* [Data]:
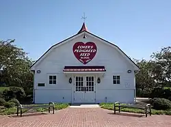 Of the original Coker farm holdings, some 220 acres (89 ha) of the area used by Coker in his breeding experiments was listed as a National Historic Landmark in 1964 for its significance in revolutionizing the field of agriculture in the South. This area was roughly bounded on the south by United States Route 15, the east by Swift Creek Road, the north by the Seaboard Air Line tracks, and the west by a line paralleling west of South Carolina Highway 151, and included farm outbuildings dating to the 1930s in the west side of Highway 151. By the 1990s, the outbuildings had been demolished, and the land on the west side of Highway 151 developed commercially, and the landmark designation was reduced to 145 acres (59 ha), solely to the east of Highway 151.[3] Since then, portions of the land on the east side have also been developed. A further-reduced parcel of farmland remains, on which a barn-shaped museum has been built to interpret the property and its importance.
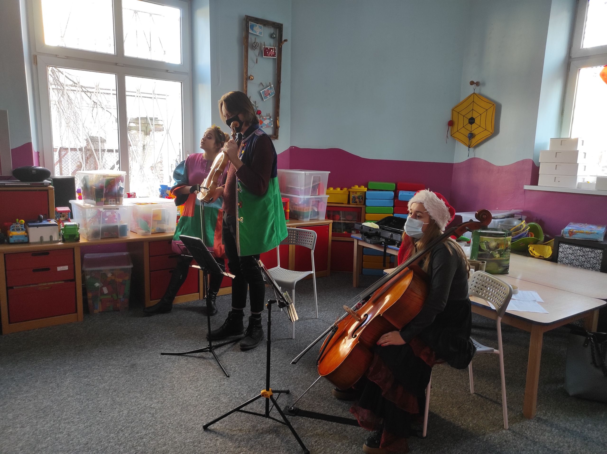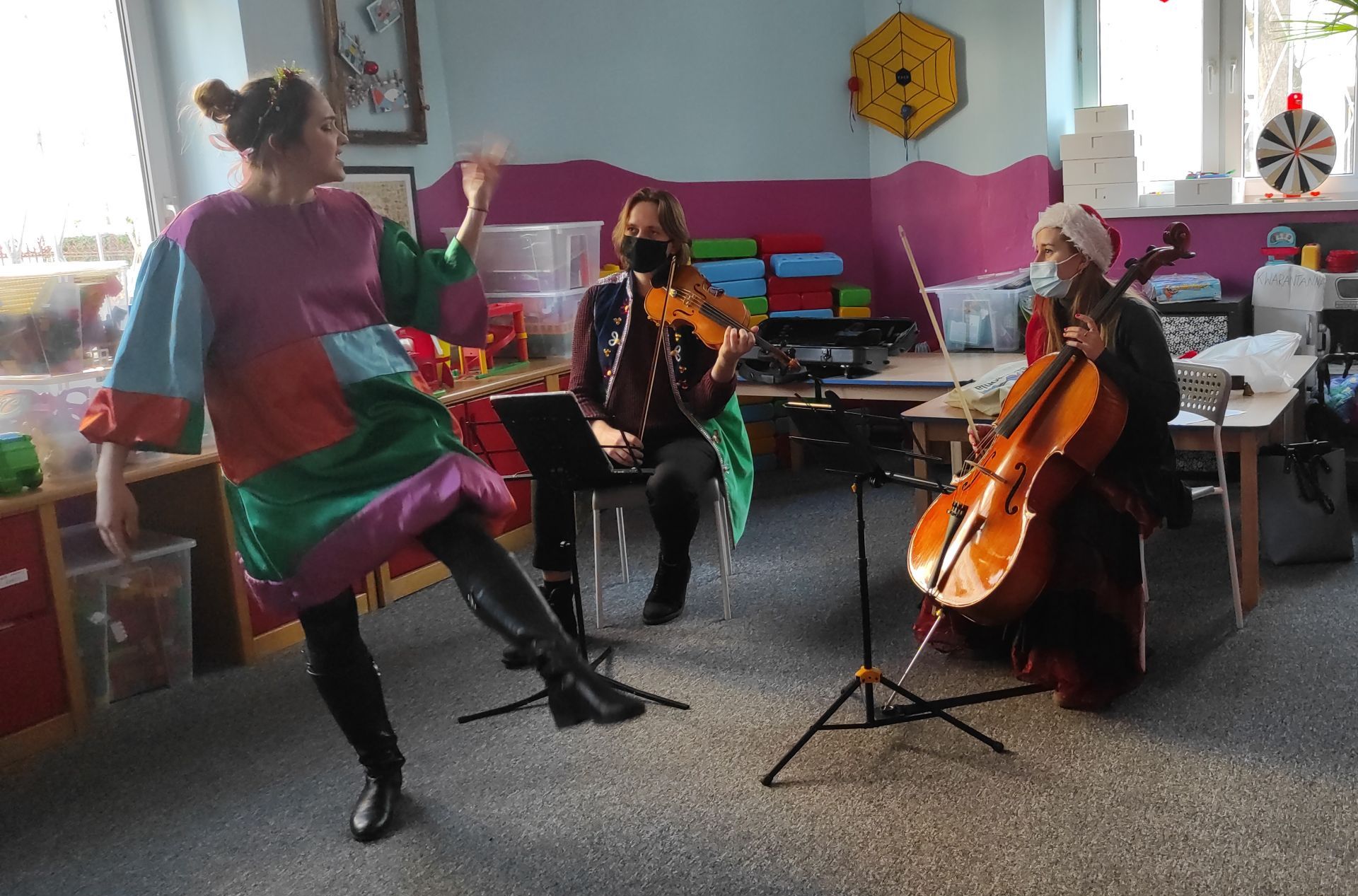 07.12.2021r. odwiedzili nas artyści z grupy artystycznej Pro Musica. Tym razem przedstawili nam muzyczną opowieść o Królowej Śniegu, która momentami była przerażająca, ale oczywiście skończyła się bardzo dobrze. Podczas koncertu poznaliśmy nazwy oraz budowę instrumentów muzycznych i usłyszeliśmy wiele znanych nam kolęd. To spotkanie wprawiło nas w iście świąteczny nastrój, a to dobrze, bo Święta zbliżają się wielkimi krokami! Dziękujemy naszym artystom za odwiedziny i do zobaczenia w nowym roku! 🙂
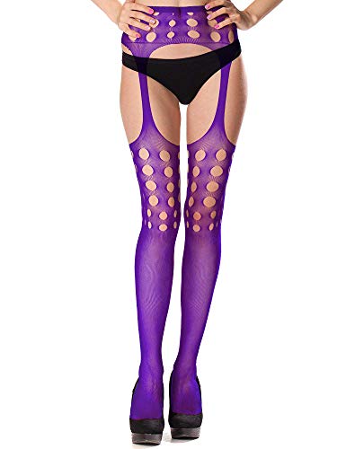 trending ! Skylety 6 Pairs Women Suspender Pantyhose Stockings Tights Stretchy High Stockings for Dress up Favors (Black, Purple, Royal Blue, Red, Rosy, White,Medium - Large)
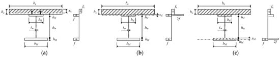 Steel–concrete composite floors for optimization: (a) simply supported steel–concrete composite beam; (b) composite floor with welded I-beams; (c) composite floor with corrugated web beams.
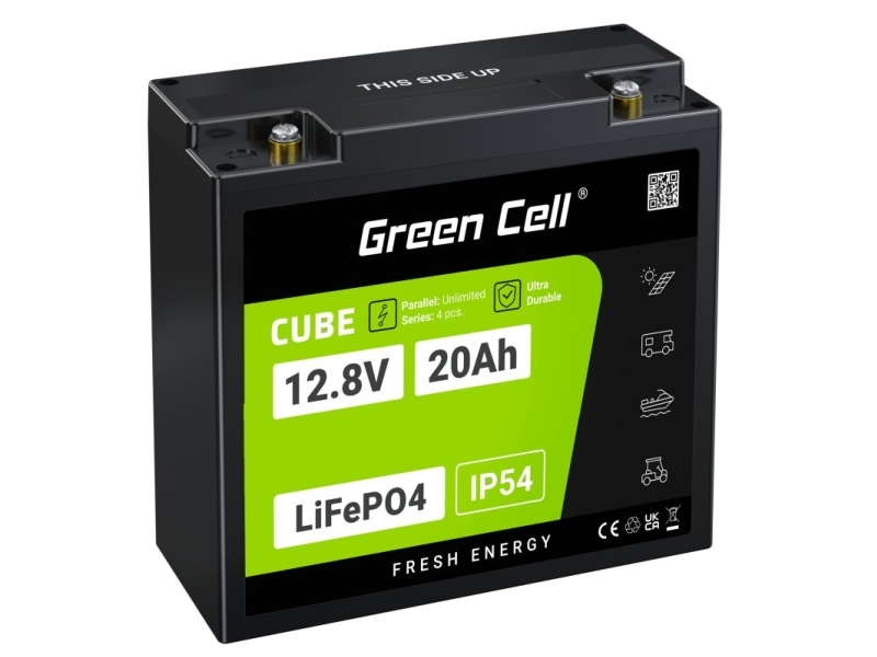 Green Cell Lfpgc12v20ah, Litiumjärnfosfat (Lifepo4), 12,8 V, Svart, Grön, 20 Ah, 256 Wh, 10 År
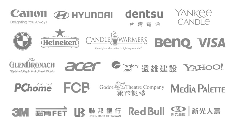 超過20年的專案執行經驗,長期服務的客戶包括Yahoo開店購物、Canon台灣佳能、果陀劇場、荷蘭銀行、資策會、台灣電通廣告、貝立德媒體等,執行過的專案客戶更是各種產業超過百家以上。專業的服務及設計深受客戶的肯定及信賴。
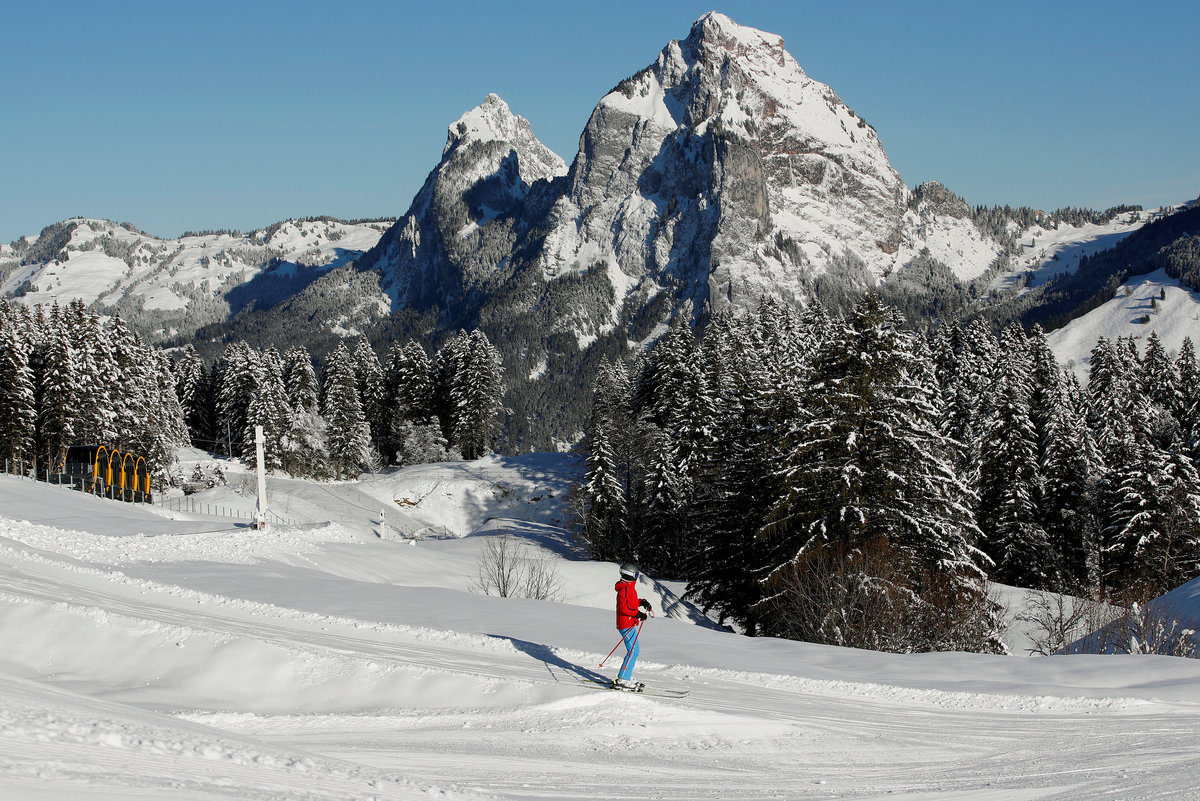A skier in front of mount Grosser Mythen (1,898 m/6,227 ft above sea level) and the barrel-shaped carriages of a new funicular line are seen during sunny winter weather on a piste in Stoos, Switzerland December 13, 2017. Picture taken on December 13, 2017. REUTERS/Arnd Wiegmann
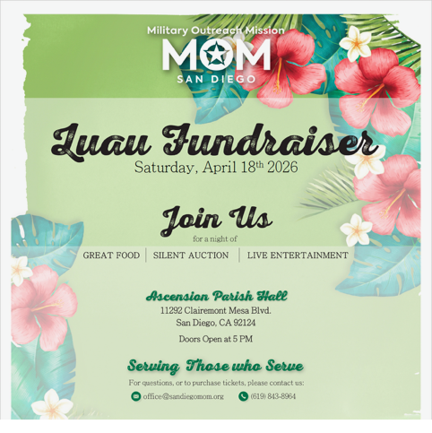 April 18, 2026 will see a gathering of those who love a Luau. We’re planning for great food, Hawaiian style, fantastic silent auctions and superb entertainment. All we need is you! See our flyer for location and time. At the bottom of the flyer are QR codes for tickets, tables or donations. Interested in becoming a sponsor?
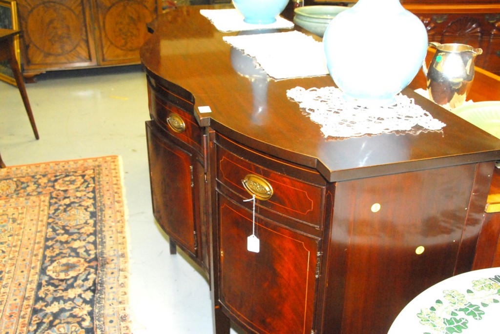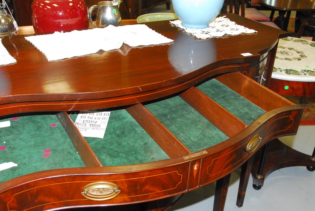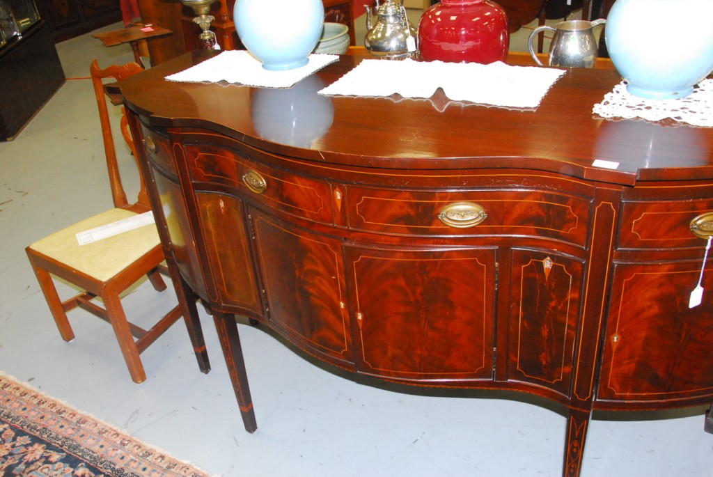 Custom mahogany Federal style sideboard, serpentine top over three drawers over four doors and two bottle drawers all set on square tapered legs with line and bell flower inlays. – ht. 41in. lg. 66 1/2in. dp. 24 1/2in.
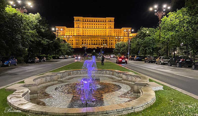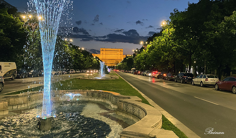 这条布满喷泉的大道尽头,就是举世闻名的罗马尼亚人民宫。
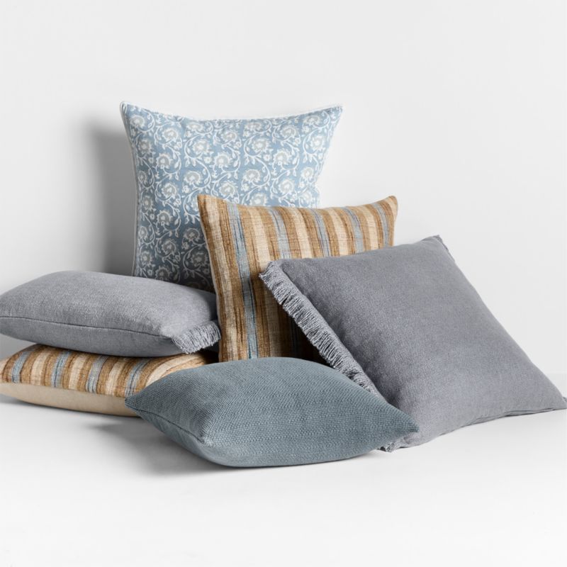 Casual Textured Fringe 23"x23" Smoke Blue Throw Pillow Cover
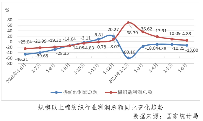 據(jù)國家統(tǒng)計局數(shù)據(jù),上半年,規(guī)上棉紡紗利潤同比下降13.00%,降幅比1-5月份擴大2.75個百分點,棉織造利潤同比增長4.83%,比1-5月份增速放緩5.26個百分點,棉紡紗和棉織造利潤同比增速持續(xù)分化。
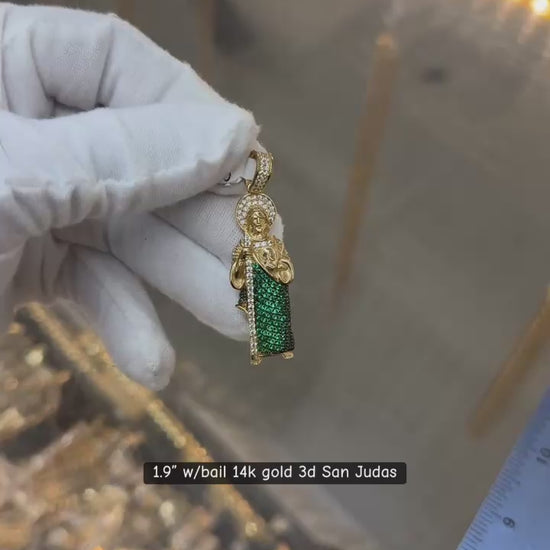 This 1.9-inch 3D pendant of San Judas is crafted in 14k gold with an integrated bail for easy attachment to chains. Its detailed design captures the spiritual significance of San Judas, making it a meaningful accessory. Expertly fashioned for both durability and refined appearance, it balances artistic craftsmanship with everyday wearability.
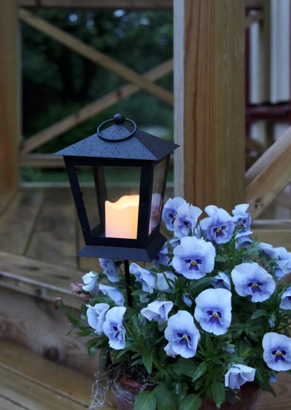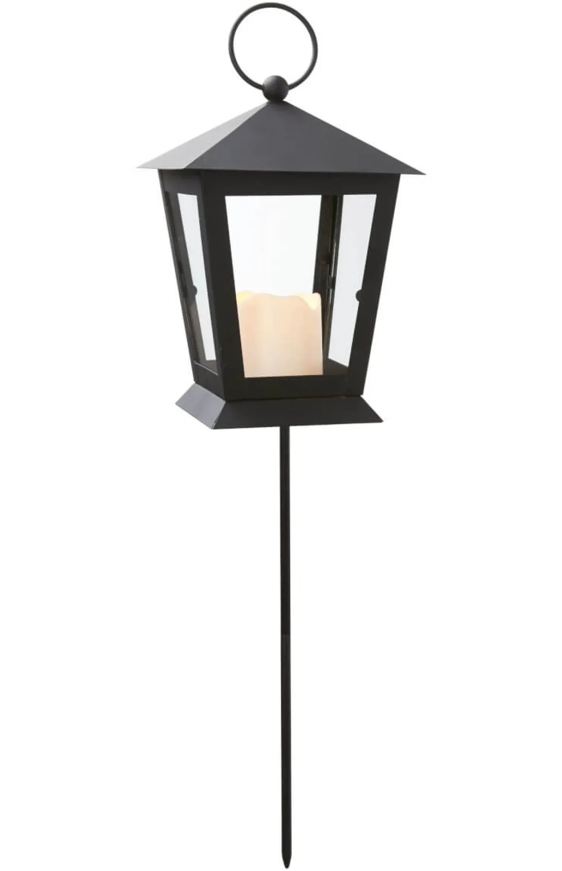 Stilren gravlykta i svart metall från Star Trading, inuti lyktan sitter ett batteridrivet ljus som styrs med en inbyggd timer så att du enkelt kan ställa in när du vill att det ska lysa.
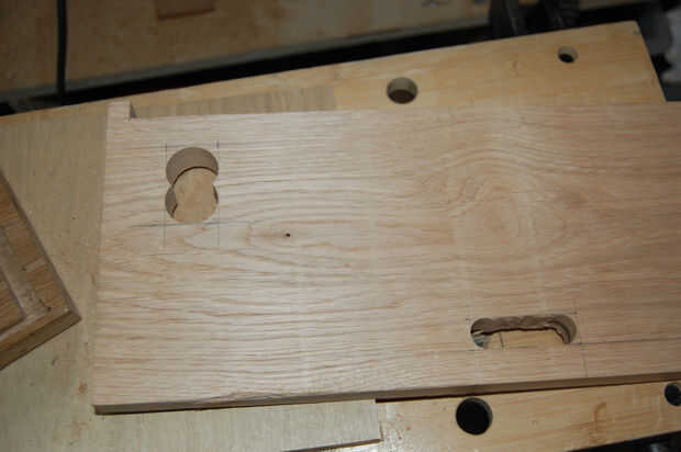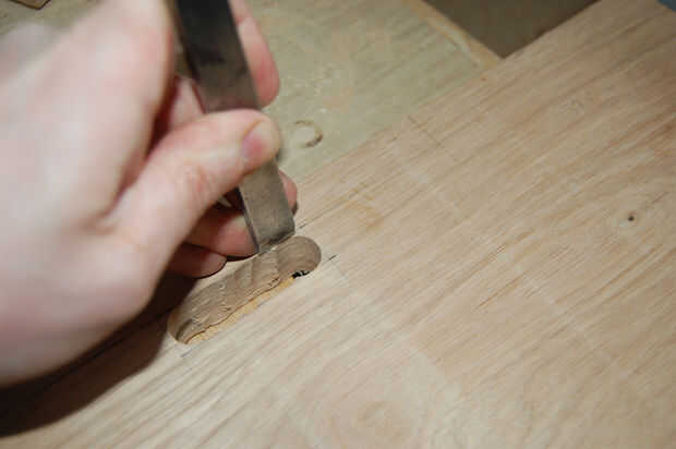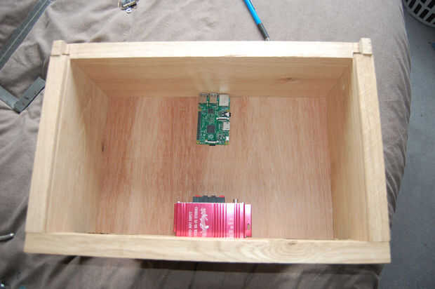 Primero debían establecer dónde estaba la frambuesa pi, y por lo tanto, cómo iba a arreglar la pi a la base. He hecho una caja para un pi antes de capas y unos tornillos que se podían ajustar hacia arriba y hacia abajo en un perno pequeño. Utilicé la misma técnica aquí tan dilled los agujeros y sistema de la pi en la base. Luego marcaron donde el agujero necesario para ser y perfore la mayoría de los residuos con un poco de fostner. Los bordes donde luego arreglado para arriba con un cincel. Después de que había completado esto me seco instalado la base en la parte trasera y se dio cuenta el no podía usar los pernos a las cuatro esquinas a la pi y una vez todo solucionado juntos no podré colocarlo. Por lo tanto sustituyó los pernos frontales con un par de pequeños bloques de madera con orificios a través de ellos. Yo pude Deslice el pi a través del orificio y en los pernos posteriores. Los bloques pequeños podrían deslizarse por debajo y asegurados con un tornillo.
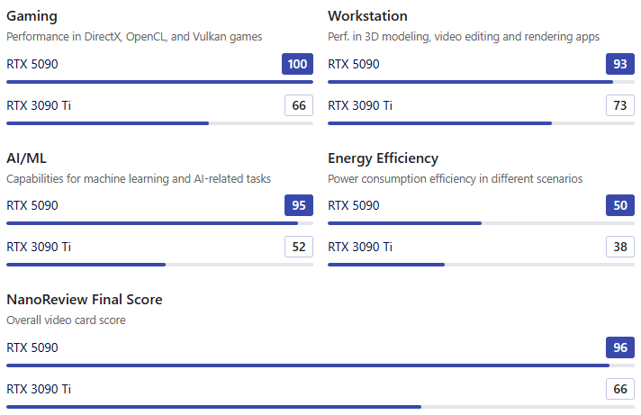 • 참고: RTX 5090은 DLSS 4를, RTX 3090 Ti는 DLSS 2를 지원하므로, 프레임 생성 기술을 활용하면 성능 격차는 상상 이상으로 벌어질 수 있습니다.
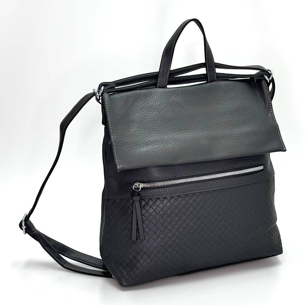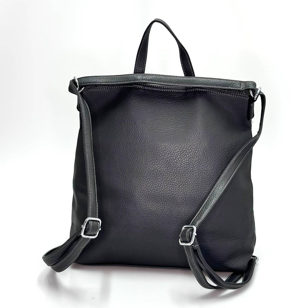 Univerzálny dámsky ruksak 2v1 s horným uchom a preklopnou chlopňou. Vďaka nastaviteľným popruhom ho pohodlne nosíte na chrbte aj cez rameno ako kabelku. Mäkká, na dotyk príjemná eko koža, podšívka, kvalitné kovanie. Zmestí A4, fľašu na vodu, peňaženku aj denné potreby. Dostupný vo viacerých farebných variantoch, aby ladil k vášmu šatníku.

* [Task prompt]: With all pictures removed, reproduce the lines from the top of the entries above through the line containing "trending ! Skylety", exactly as written.

* [Written answer]:
 Of the original Coker farm holdings, some 220 acres (89 ha) of the area used by Coker in his breeding experiments was listed as a National Historic Landmark in 1964 for its significance in revolutionizing the field of agriculture in the South. This area was roughly bounded on the south by United States Route 15, the east by Swift Creek Road, the north by the Seaboard Air Line tracks, and the west by a line paralleling west of South Carolina Highway 151, and included farm outbuildings dating to the 1930s in the west side of Highway 151. By the 1990s, the outbuildings had been demolished, and the land on the west side of Highway 151 developed commercially, and the landmark designation was reduced to 145 acres (59 ha), solely to the east of Highway 151.[3] Since then, portions of the land on the east side have also been developed. A further-reduced parcel of farmland remains, on which a barn-shaped museum has been built to interpret the property and its importance.
 07.12.2021r. odwiedzili nas artyści z grupy artystycznej Pro Musica. Tym razem przedstawili nam muzyczną opowieść o Królowej Śniegu, która momentami była przerażająca, ale oczywiście skończyła się bardzo dobrze. Podczas koncertu poznaliśmy nazwy oraz budowę instrumentów muzycznych i usłyszeliśmy wiele znanych nam kolęd. To spotkanie wprawiło nas w iście świąteczny nastrój, a to dobrze, bo Święta zbliżają się wielkimi krokami! Dziękujemy naszym artystom za odwiedziny i do zobaczenia w nowym roku! 🙂
 trending ! Skylety 6 Pairs Women Suspender Pantyhose Stockings Tights Stretchy High Stockings for Dress up Favors (Black, Purple, Royal Blue, Red, Rosy, White,Medium - Large)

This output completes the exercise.